Reputation: 888
How can I store a dataframe value to a scala variable ?
I need to store values from the below dataframe (assuming column "timestamp" producing same values) to a variable and later I need to use this variable somewhere
i have tried following
val spark =SparkSession.builder().appName("micro").
enableHiveSupport().config("hive.exec.dynamic.partition", "true").
config("hive.exec.dynamic.partition.mode", "nonstrict").
config("spark.sql.streaming.checkpointLocation", "hdfs://dff/apps/hive/warehouse/area.db").
getOrCreate()
val xmlSchema = new StructType().add("id", "string").add("time_xml", "string")

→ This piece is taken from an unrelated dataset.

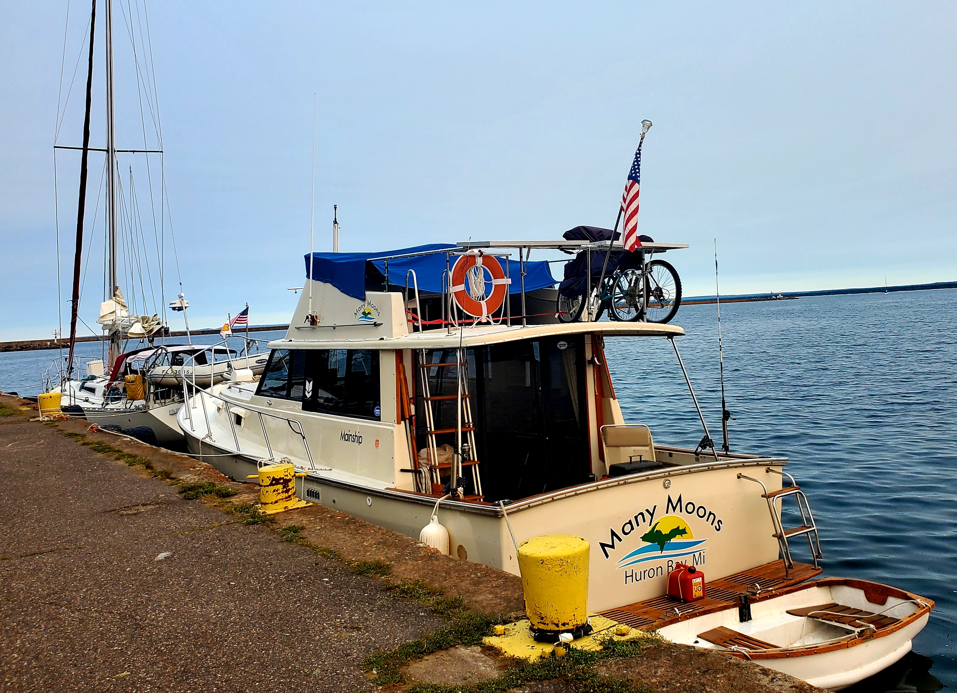 The adventure began July 30, 2021 with our sunrise (6 a.m.) departure from Pequaming on Keweenaw Bay in the western Upper Peninsula, bound for Marquette. Our companion boat, which I insisted on as a condition of navigating the unpredictable and often dangerous Lake Superior, is a gorgeous 42-foot sailboat which is making its way from Pequaming to Florida. We will be together for a week or so, after which our tracks diverge.

val xmlData = spark.readStream.option("sep", ",").schema(xmlSchema).csv("file:///home/shp/sourcexml")
val xmlDf_temp = xmlData.select($"id",unix_timestamp($"time_xml", "dd/mm/yyyy HH:mm:ss").cast(TimestampType).as("timestamp"))
val collect_time = xmlDf_temp.select($"timestamp").as[String].collect()(0)
its thorwing error saying following:
org.apache.spark.sql.AnalysisException: Queries with streaming sources must be executed with writeStream.start()
Is there any way i can store some dataframe values to a variable and use later?
Upvotes: 0
Views: 710
Reputation: 74599
is there any way i can store some dataframe values to a variable and use later ?
That's not possible in Spark Structured Streaming since a streaming query never ends and so it is not possible to express collect
.
and later I need to use this variable somewhere
This "later" has to be another streaming query that you could join
together and produce a result.
Upvotes: 1